The appellate court said in previous cases it “has recognized that ERISA plans have an interest in ‘finality of decisions’ regarding claims for benefits that militates against reopening a plan’s administrative claim process willy-nilly.” It has also found that failure to file a timely administrative appeal from a denial of benefits “is one means by which a claimant may fail to exhaust her administrative remedies.”
“[T]he administrator must implement and follow the plain language of the plan, in so much as they are consistent with the statute. This includes a deadline that is consistent with the regulations governing ERISA claims,” the opinion said.
The court found Edwards has never offered an explanation for the untimeliness of her appeal that would warrant an exercise of discretion by the plan administrator in her favor.

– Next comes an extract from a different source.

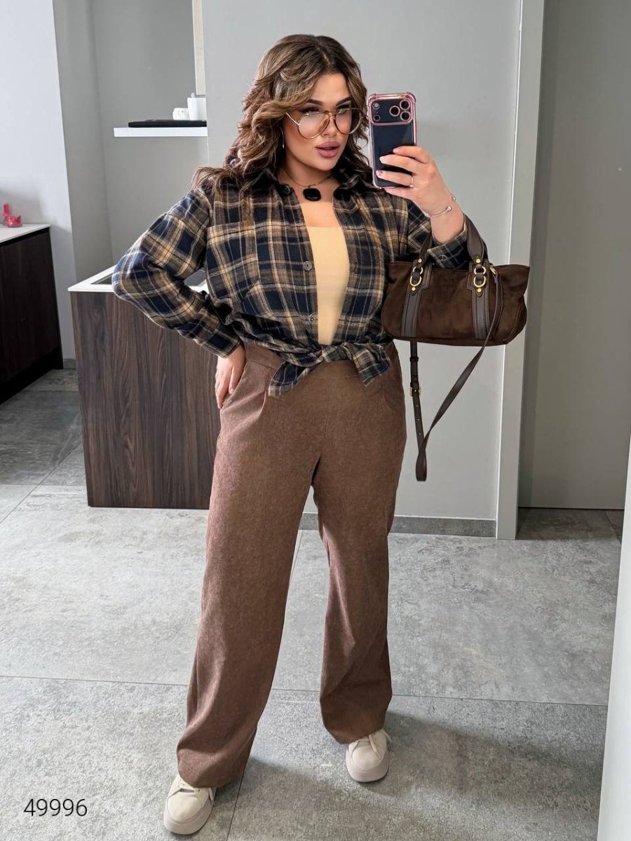 Рубашка женская в клетку 49996 бежевый

In addition, the court found Edwards’s reliance on Wisconsin’s “notice-prejudice” statute to be misplaced. It explained that under the statute in question, where a policy of liability insurance requires an insured to give notice of claims to an insurer, “failure to give any notice required by the policy within the time specified does not invalidate a claim made by the insured if the insured shows that it was not reasonably possible to give the notice within the prescribed time and that notice was given as soon as reasonably possible.”
The court noted that in this case, the plan is not an insured plan, and the benefits at issue are disability benefits, not liability insurance, which is the type of insurance governed by the Wisconsin statute. In addition, the plan points out that state notice-prejudice rules typically apply only to initial denials of benefits. Finally, Edwards never has explained the reason for the untimeliness of her administrative appeal and therefore has not shown either that it was not reasonably possible to give notice within the prescribed time or that notice was given as soon as reasonably possible.
According to the opinion, Edwards filed a claim for disability benefits after her doctor determined she was totally and permanently disabled. However, her employer Briggs & Stratton’s own doctor determined she was not, so her claim was denied.
The letter informing Edwards of the denial of her claim advised her that she had 180 days from receipt of the letter to appeal the denial of benefits to the plan’s Retirement Committee. In addition, a letter to Edwards’s counsel said the appeal letter must be received by the plan by March 31, 2008. The appeal letter was not received by the plan until April 11, 2008.The case is Edwards v. Briggs & Stratton Retirement Plan, 7th Cir., No. 09-2326.